With no Jewish holidays coming up immediately, we bring you profiles of some well known and some not so well known Jews. Enjoy.
By Vladislav Davidzon for Tablet Magazine
When
the previous record for the world’s most expensive painting was blown
away by the price paid at auction for Francis Bacon’s 1969 triptych
“Three Studies of Lucian Freud” this past November, two widely held
art-world intuitions were verified. First, that the art world is an
annex of the Bourse, and second, the critical ascendancy of Freud, whose
second-hand presence, as the subject of a painting by another famous
artist, was a major reason for the fierce bidding.
Behind Freud’s
triumphant moment is the fact that the English do not produce more than
a few great artists every century, and so they embrace them with
patriotic glee.

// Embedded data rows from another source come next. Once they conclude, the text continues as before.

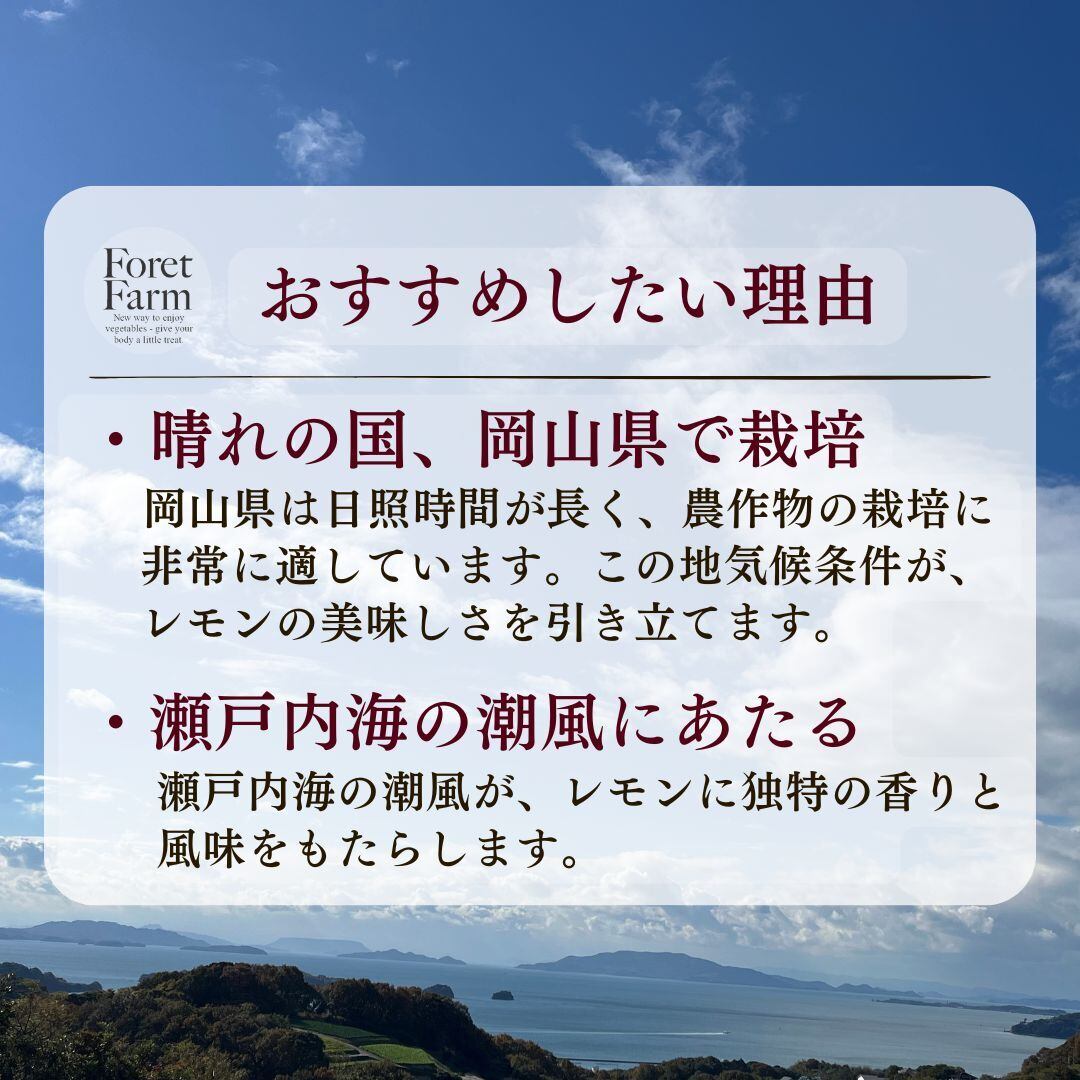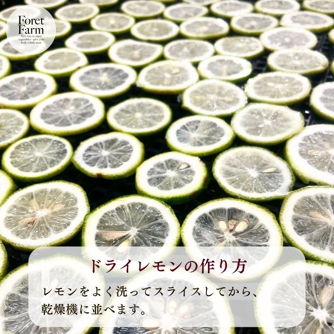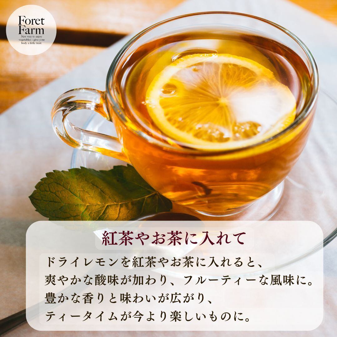 「Foret Farmのドライレモン - 自然の爽やかさをそのままに」 Foret Farmのドライレモンは、太陽の恵みをたっぷり浴びたレモンを丁寧に乾燥させた、一年中楽しめるヘルシーな食材です。栽培期間中無農薬のレモンを使用し、安心してお召し上がりいただけます。ビタミンCやクエン酸が豊富で、免疫力アップや美肌効果が期待できます。
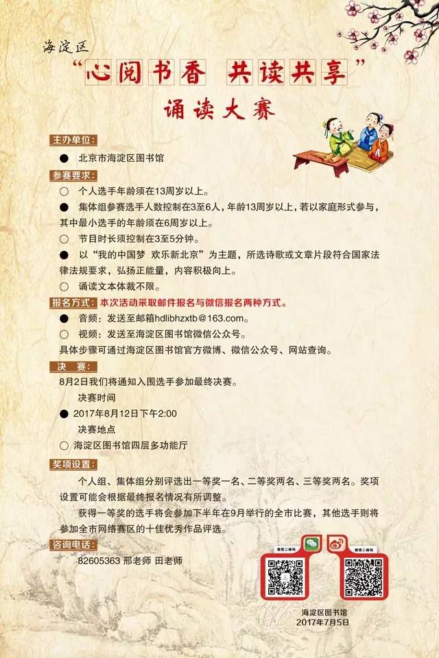 未经允许不得转载:海淀北部便民平台 » 海淀区 在6月至8月开展 心阅书香 共读共享 诵读大赛活动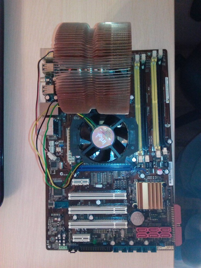 Материнская плата Asus P5Q SE2, радиатор на северном мосту не ахти какой, все жалуются, что мост греется и решил туда вентиль поставить (взял с рук по дешевке для Ксеона, так что еще сам не тестировал еще). В руках был какой-то карлсон с оооочень старого компа, взял в руки пилку, подрехтовал в определенных местах, нашел 2 полоски алюминия, вставил в корпус вентилятора, и посадил прямо в ребра радиатора. Посадка была с небольшим натягом, никуда деться не должно)

Which also means that the enigmatic and reclusive
grandson of the founder of psychoanalysis must now endure a degree of
scrutiny of the sort that he never tolerated while living among mere
mortals. A pair of newly published biographical studies, the
affectionate and scabrously judgmental Breakfast With Lucian: A Portrait
of the Artist, by journalist Geordie Greig and the beautifully
ruminative Man With a Blue Scarf, by art critic Martin Gayford offer up a
rounded view of an extraordinary and closely guarded life: Born in
1922, into the family of architect Ernest Freud—the youngest son of
Sigmund—in the upscale Tiergarten district of Berlin, he was taken to
London at the age of 10 by his family in 1933, as the death knell of the
Weimar Republic rang. (Sigmund joined the family there in 1938, only to
die a year later.) There exists a general consensus among critics that
Lucian would have been too young, and too sequestered by his bourgeois
family, to absorb Berlin’s avant-garde developments such as the Neue
Sachlichkeit (New Objectivity); his mature style was genealogically,
even inexorably linked to developments in modernist Vienna. Effusing
about the recently closed retrospective at the Kunsthistorisches, the
Viennese press made the obvious comparisons between his works and the
limb-contorting figuration and sallow coloring of Hodler, the frigid
eroticism of Klimt, Kokoschka’s macabre portraiture, and Schiele’s
appreciation of the pliable female form.